**REQUIREMENT:**
Return only that part of the material below which starts with the line containing "И кстати когда" and goes on through the line containing "當(dāng)日,由當(dā", restated exactly.

**DATA EXCERPTS:**
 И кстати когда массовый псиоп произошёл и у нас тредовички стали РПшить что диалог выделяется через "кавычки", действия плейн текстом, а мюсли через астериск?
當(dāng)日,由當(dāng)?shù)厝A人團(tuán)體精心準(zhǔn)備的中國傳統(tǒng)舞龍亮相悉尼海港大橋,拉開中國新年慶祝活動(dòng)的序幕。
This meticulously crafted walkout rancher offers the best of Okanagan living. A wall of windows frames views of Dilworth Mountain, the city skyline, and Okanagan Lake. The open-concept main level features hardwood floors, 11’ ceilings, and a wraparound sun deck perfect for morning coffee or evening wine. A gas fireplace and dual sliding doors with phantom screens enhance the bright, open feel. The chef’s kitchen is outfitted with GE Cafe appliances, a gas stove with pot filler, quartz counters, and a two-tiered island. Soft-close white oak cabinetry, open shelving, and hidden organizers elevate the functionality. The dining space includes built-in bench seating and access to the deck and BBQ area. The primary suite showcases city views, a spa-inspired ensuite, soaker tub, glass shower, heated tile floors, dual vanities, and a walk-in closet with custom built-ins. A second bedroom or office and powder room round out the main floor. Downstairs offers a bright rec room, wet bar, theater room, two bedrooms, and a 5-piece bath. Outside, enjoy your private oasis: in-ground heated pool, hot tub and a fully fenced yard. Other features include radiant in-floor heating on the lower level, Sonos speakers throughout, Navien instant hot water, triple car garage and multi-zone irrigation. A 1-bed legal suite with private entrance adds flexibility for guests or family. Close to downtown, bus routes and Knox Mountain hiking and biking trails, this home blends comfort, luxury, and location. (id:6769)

* * *

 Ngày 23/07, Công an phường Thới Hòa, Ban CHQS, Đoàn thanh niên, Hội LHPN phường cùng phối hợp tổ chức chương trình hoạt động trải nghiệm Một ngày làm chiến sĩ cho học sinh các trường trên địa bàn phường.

**RESULT FOR THIS EXERCISE:**
 И кстати когда массовый псиоп произошёл и у нас тредовички стали РПшить что диалог выделяется через "кавычки", действия плейн текстом, а мюсли через астериск?
當(dāng)日,由當(dāng)?shù)厝A人團(tuán)體精心準(zhǔn)備的中國傳統(tǒng)舞龍亮相悉尼海港大橋,拉開中國新年慶祝活動(dòng)的序幕。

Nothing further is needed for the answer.